For rolling hash, how do you decide which MOD to pick/ whether to use a tuple of 2 or more hashes? It is hard to know a priori whether the mod is high enough to prevent collisions / too high to cause memory limit / and multiple hashes could cause time limit. In This, 10**9 + 7 gave an incorrect answer, while 10**18 + 3 was accepted. Using a pair of hashes with 10**9 + 7 and 998244353 gave memory limit exceeded.

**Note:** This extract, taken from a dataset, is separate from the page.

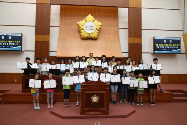 이 의장은 환영사에서 “모의의회 체험학습 프로그램이 우리 사회의 주인공인 어린이들이 직접 의회 의사진행을 체험함으로써 민주시민으로서의 자질을 함양해 이 나라를 이끌어 갈 든든한 기둥으로 자라날 수 있는 좋은 기회의 장이 되길 바란다”고 격려했다.
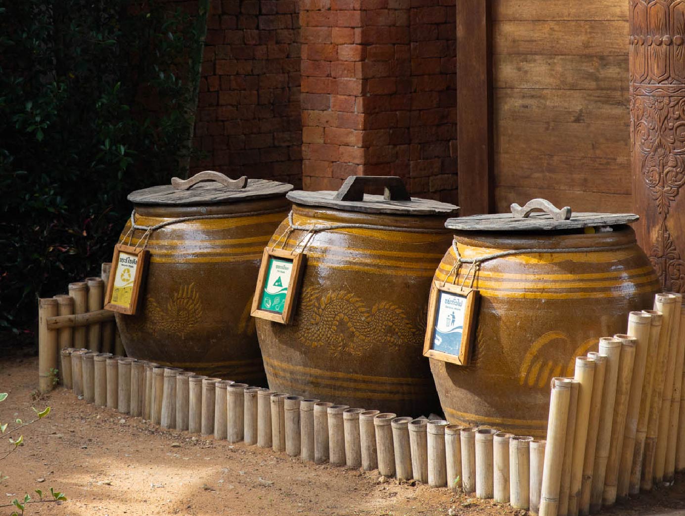 Our waste stations, created from famous Thai ceramic jars, offer an elegant and intuitive way to manage waste. The natural earth tones and subtle textures of the ceramic blend seamlessly with the resort’s wooden architecture, encouraging mindful disposal while supporting eco-conscious living throughout the resort.

Auto comment: topic has been updated by SamuelTull (previous revision, new revision, compare).
2^61 — 1 is best
I also want to know the same, how to select the prime number and MOD value pair. As sometimes for me (31, 1e9+9) (31, 2**61-1) pair haven't worked, But (33, 2**61-1) has worked. and 999999999999989 this value for MOD has worked in some cases as well.
Hi. Each comparision has a probability of failing, I'm not that good at calculating it, but you can read about it somewhere. Usually you're gonna have to use one big mod ($$$2^61 -1$$$) for example, or two mods like ($$$10^9+9$$$ or $$$10^9+7$$$. Now for the numbers to multiply by, what is usually recommended is an integer close to the alphabet size ($$$31$$$). But if there are hacks in the contest, the code can be hacked. One way to avoid that is using a random prime up to $$$n$$$, like I got hacked on the last contest because of using $$$31$$$ and $$$29$$$ but when I submitted with random primes it got accepted. You can read more on cp algos or usaco guide
Got headache after reading multiple things on this and I don't know why but it seems like keeping a greater base and MOD might be better than keeping it close to the limits. Like instead of 31 we can keep a greater base and instead of 1e9+9, 2^61-1 should be better. Don't know if this is a guaranteed pair but at least this might lower the chances of hacks.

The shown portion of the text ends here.